Exercise inputs |
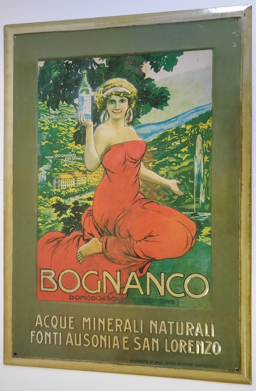 L’Hachette Eaux Minérales Bognanco, une entreprise italienne de production d’eaux minérales, a utilisé les plaques publicitaires en fer pour promouvoir ses produits dans les années 1920 et 1930. Ces plaques, généralement en fer blanc ou en fer galvanisé, étaient fixées aux murs des bâtiments, des ponts ou des supports publicitaires le long des routes. Elles portaient l’image de la marque, souvent accompagnée d’un slogan ou d’un message publicitaire.
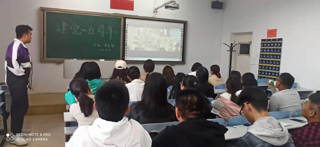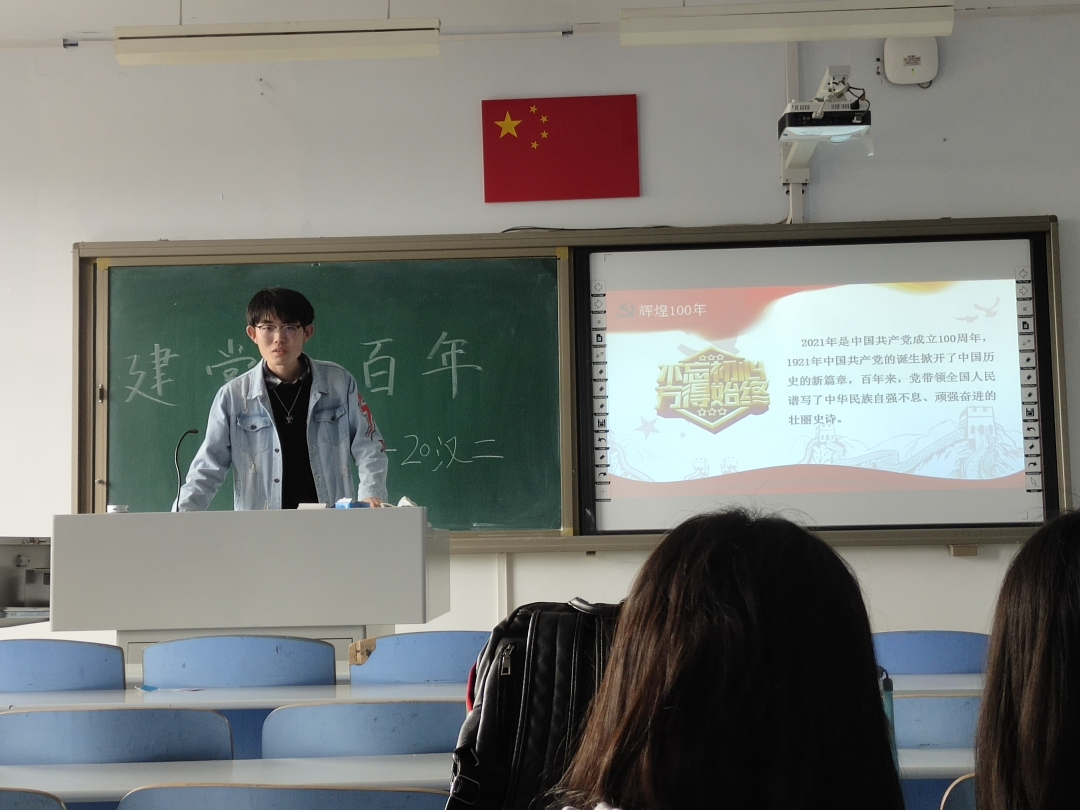 此次团日活动,同学们首先了解了党史背景,在团支书的组织下同学们上台交流分享建党100周年的相关知识。活动最后,同学们观看了《党史故事100讲》。
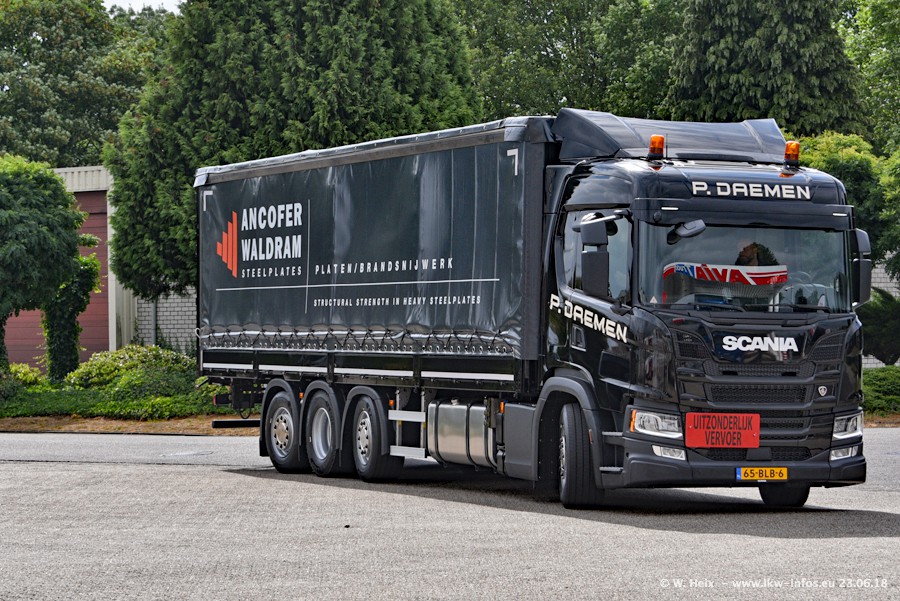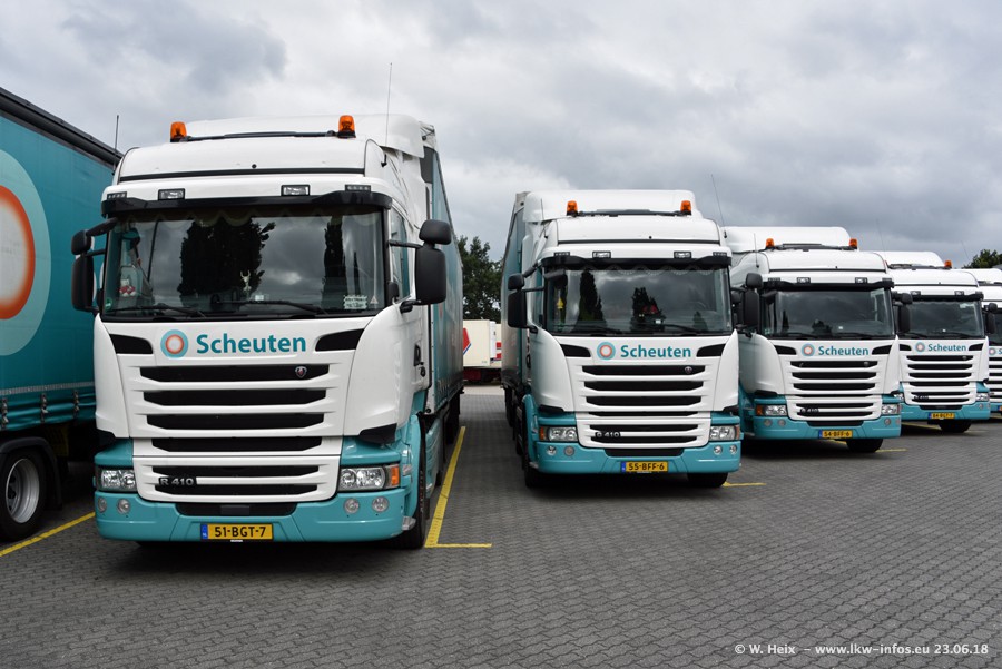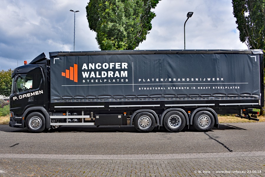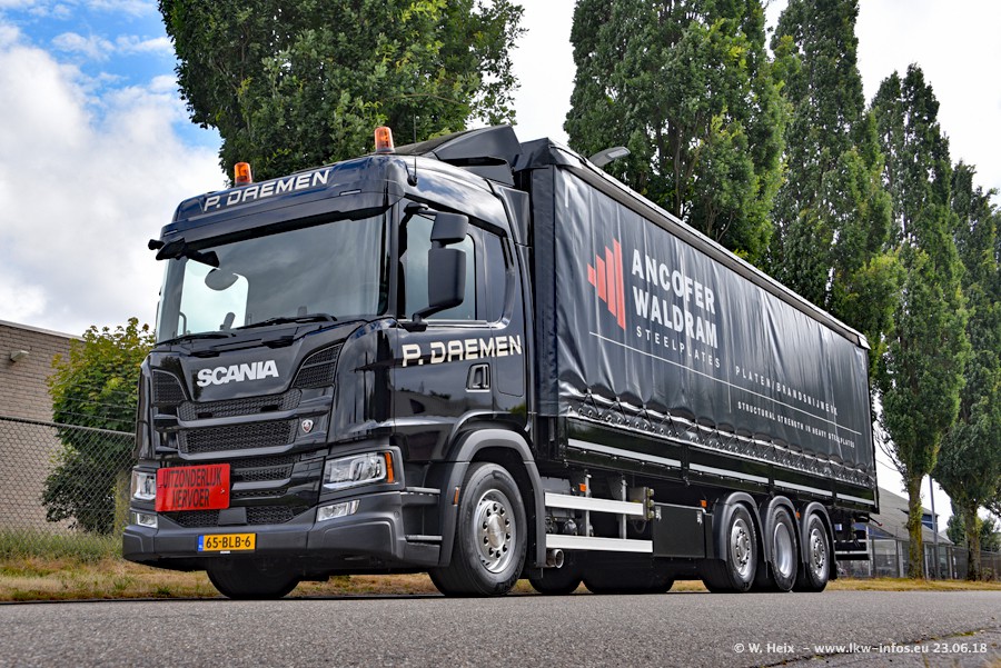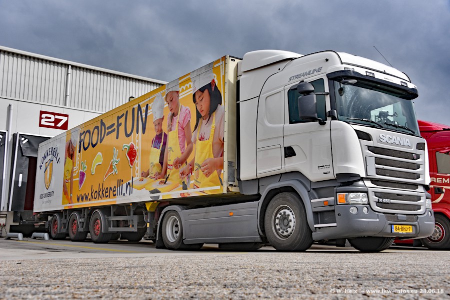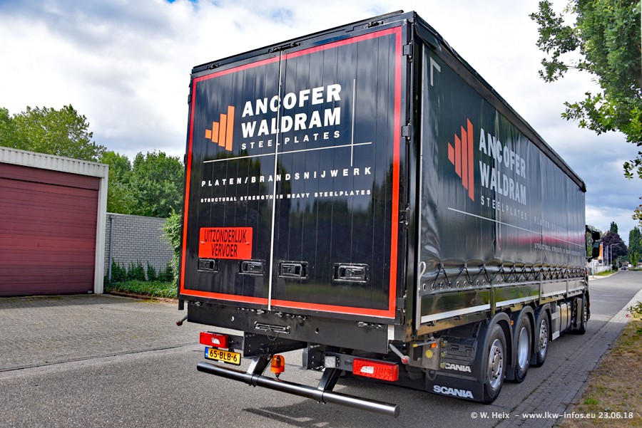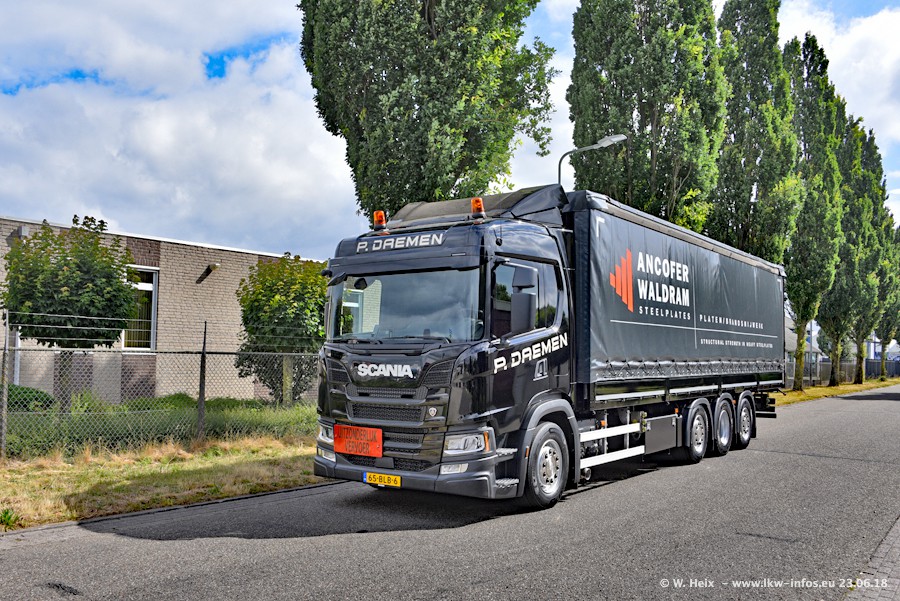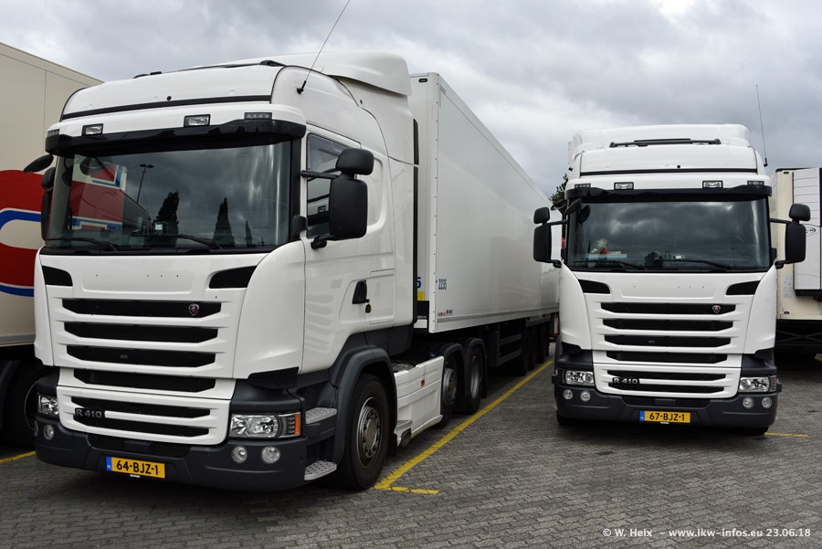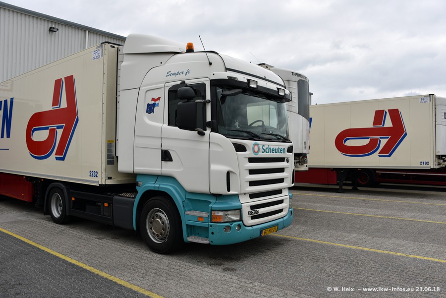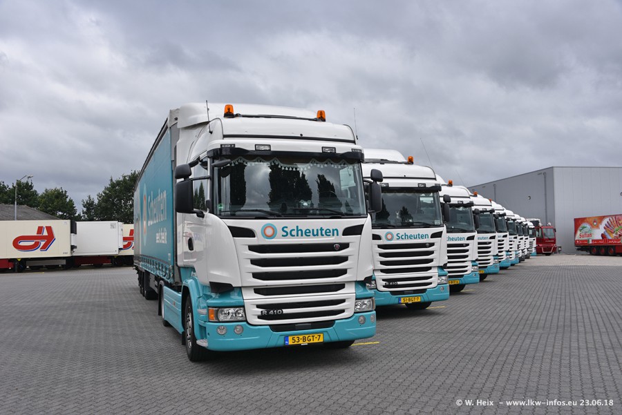 Im ersten Halbjahr 2018 sind mindestens vier DAF XF Euro 6 sowie drei SCANIA S 450 NextGen in den Fuhrpark gekommen. Zwei neue SCANIA konnte ich fotografieren, der dritte stand zum Beschriften in der Werkstatt. Dazu kommt noch ein neuer SCANIA G NextGen 8x2, in Kundenfarben (schwarz) lackiert ist. Dieser SCANIA wurde für Fotos erstmals aus der Halle gefahren und wird ab Montag fahren.
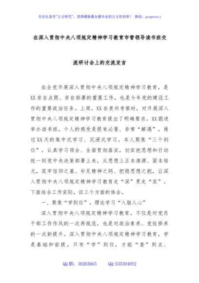 / 在深入贯彻中央八项规定精神学习教育市管领导读书班交流研讨会上的交流发言
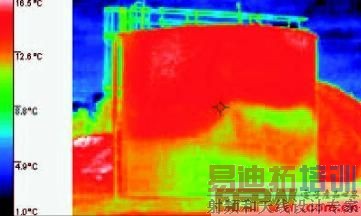 储槽中通常含有液体或气体。液体与气体相比热容量较高,因此它的温度改变比容器上方气体的温度变化要慢的多。由于多数储槽位于户外,其内部物料会因白天的阳光照射而温度上升,并在夜间时温度下降。物料与容器上方空气之间的这种温度差别,通常可透过多数储槽壁很容易被观察到。这种技术在日落后使用效果最佳。在阳光大面积照射的情况下对储槽进行热成像通常比较困难,但在白天,通过在容器北侧或阴面进行检查,通常可获得满意的结果。警告:确保在您确认容器中的液位或可用容量之前,没有人尝试向容器中添加物料。完全空或完全满以及具有闪光反射性外壁的储槽的热图像显得十分均匀,将看不到物料液位。否则,产品液位将表现为容器上方空气与产品之间的明显热量区分。正确获取的一个热图像还将揭示出储槽底部的淤浆聚集,这种聚集的淤浆可导致提前腐蚀,使对储存的产品量进行计算变得困难。定期监视可帮助您确定一个清洁计划,并对淤浆聚集速度的变化进行跟踪。您可通过仅在需要的时候对储槽进行清洁而节省资金。
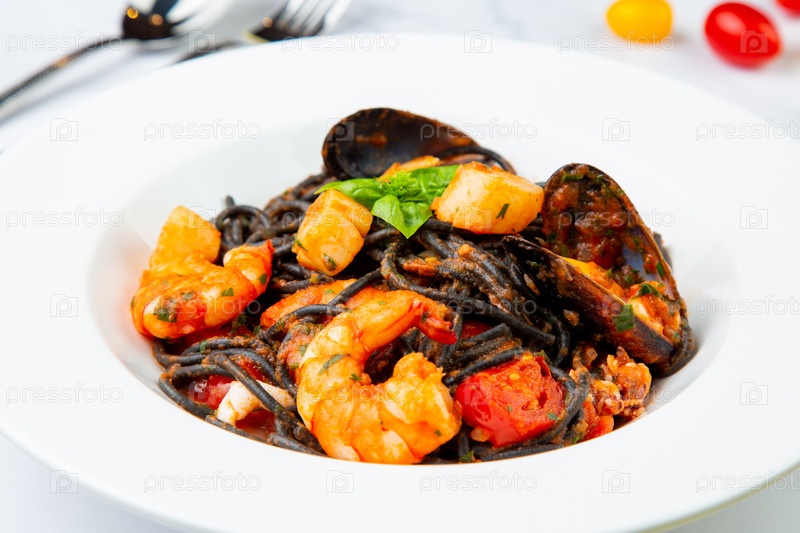 Черная лапша с мидиями, креветками, помидорами и зеленью, вид сбоку
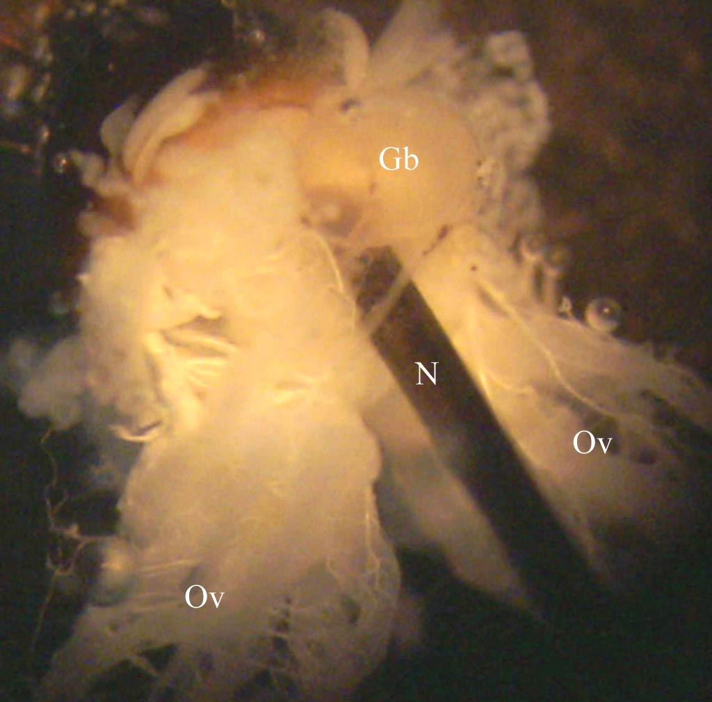 Hinweisstrich 3: Ist ein kleiner Teil des „Fettkörpers“, Fettzellen, die zwischen allen Organen liegen. Der war bei beiden Königinnen gut entwickelt, das heißt, dass die Tiere „gut im Futter“ standen. Der Fettkörper sieht im Auflicht (Präpariermikroskop) weiß aus, hier im Durchlichtmikroskop erscheint er grau, weil das von unten einstrahlende Licht nur schwach durchdringt. Dieselbe graue Tönung würde eine Spermafüllung im Receptaculum bewirken. Aber das ist hier (1) fast durchsichtig, so wie die Umgebung des Präparats.
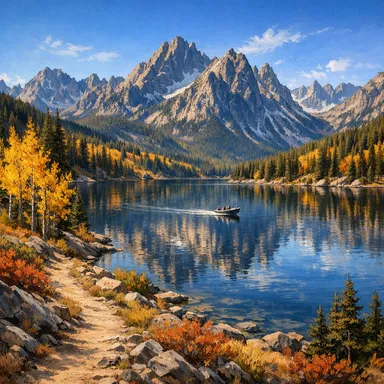 A renowned outdoor recreation area offering hiking, boating, and scenic views in the Sawtooth Mountains.
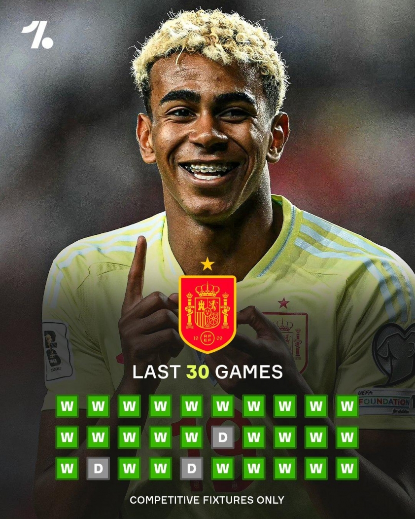 Giờ đây, thế hệ mới của La Roja đang sánh vai cùng những người tiền nhiệm huy hoàng đó. Lần gần nhất Tây Ban Nha nhận thất bại đã là từ tháng 3/2023 trước Scotland. Hơn 2 năm rưỡi qua, họ thắng 15 trận vòng loại và giành thêm 2 danh hiệu lớn: UEFA Nations League và EURO. Tính trong chuỗi này, Tây Ban Nha có 24 chiến thắng và 5 trận hòa, qua đó tiến sát kỷ lục châu Âu của Ý, đội bóng đang nắm giữ mốc 31 trận chính thức bất bại.
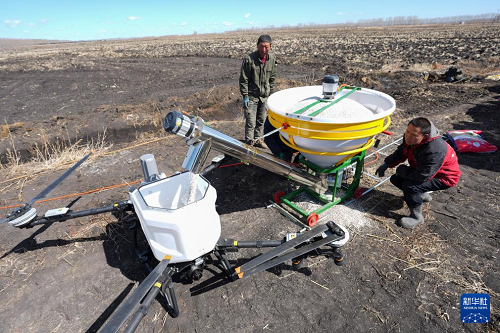 在黑龍江省雙鴨山市的黑龍江北大荒農(nóng)業(yè)股份有限公司友誼分公司第九管理區(qū),農(nóng)戶將稻田肥料放置到農(nóng)業(yè)無人機(jī)中(4月9日攝)。(新華社記者 王松 攝)
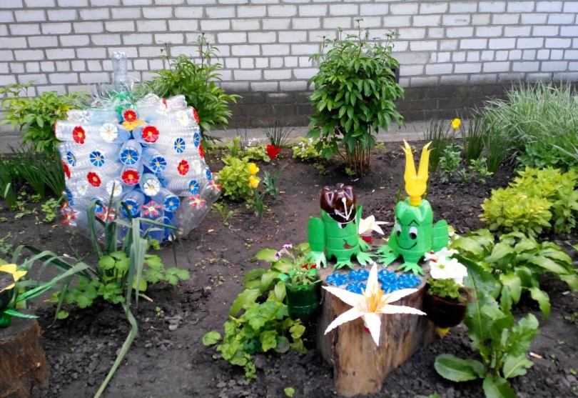 Как обустроить оригинальную клумбу из пластиковых бутылок
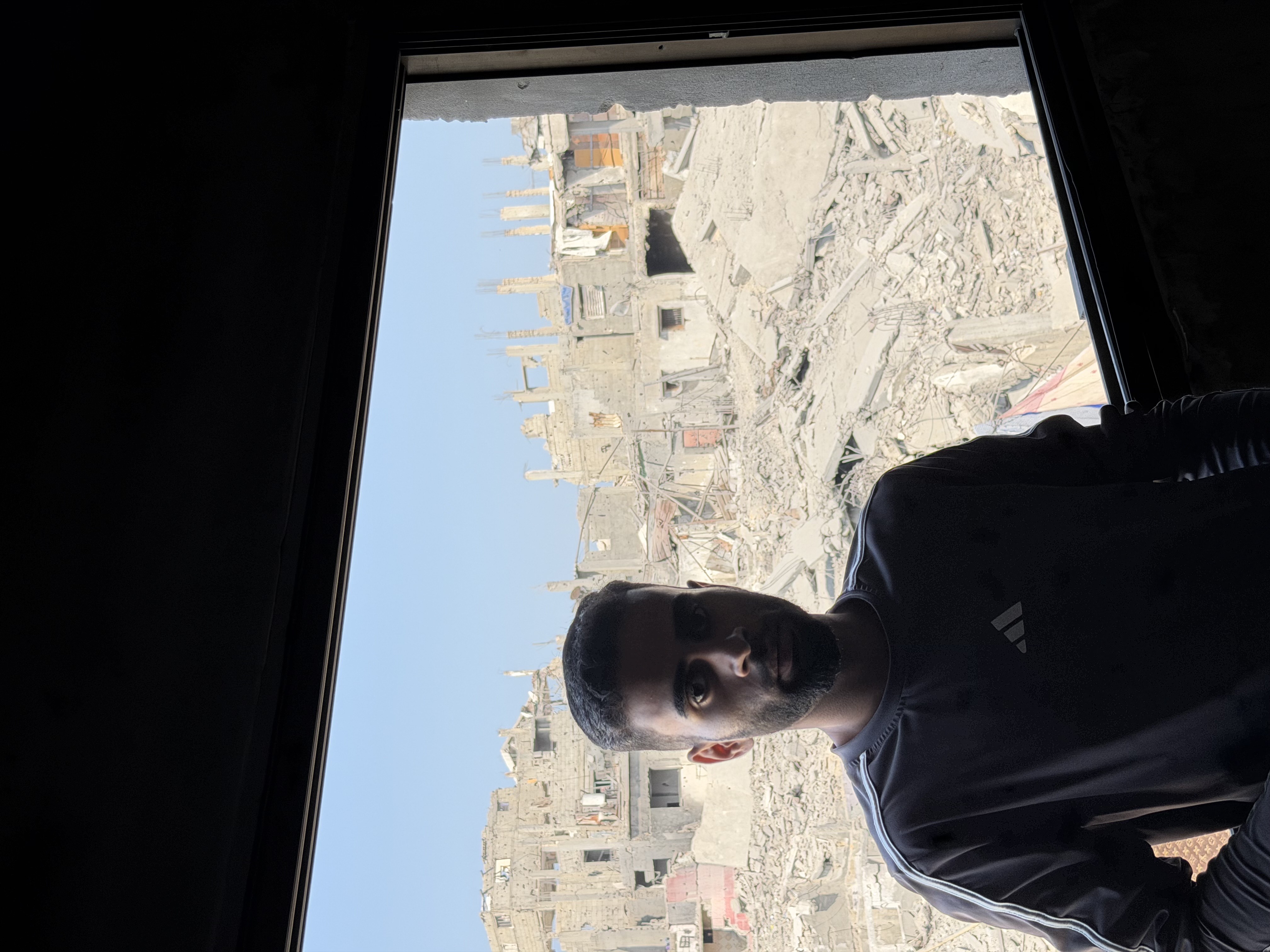 Po lewej, Hamdy Mig: "Dzisiaj poszedłem do naszego zniszczonego domu w mieście Gaza. Wybrałem się na wycieczkę po domu i mieście. Pojechałem tam w dobrym nastroju, jak ktoś, kto tęskni za swoim domem. Wróciłem do namiotu rozczarowany i smutny, nie mając nic na głowie poza opuszczeniem tego cmentarza, który pogrzebał żywcem jego mieszkańców i ludzi.
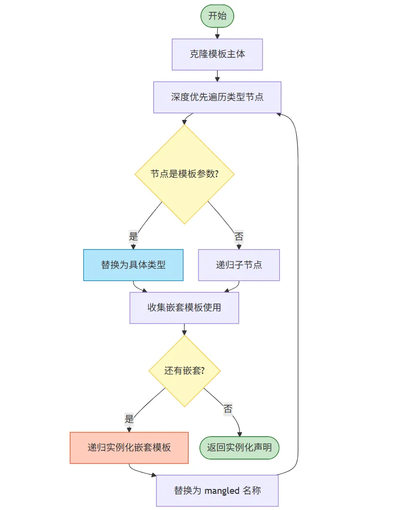• 根据使用点( TemplateTypeUse或TemplateFunctionCall)计算 mangled 名称。• 查找是否已实例化(缓存命中则跳过)。 • 选择通用模板或匹配的特化。 • 克隆模板主体,建立类型替换映射( T -> int)。• 递归实例化所有嵌套模板使用。 • 替换所有类型引用为 mangled 名称。 • 返回实例化后的声明列表。

Required work |
Pictures excluded, copy the lines exactly from where the material starts to the line with "此次团日活动,同学们首先了解", inclusive.

Answer |
 L’Hachette Eaux Minérales Bognanco, une entreprise italienne de production d’eaux minérales, a utilisé les plaques publicitaires en fer pour promouvoir ses produits dans les années 1920 et 1930. Ces plaques, généralement en fer blanc ou en fer galvanisé, étaient fixées aux murs des bâtiments, des ponts ou des supports publicitaires le long des routes. Elles portaient l’image de la marque, souvent accompagnée d’un slogan ou d’un message publicitaire.
 此次团日活动,同学们首先了解了党史背景,在团支书的组织下同学们上台交流分享建党100周年的相关知识。活动最后,同学们观看了《党史故事100讲》。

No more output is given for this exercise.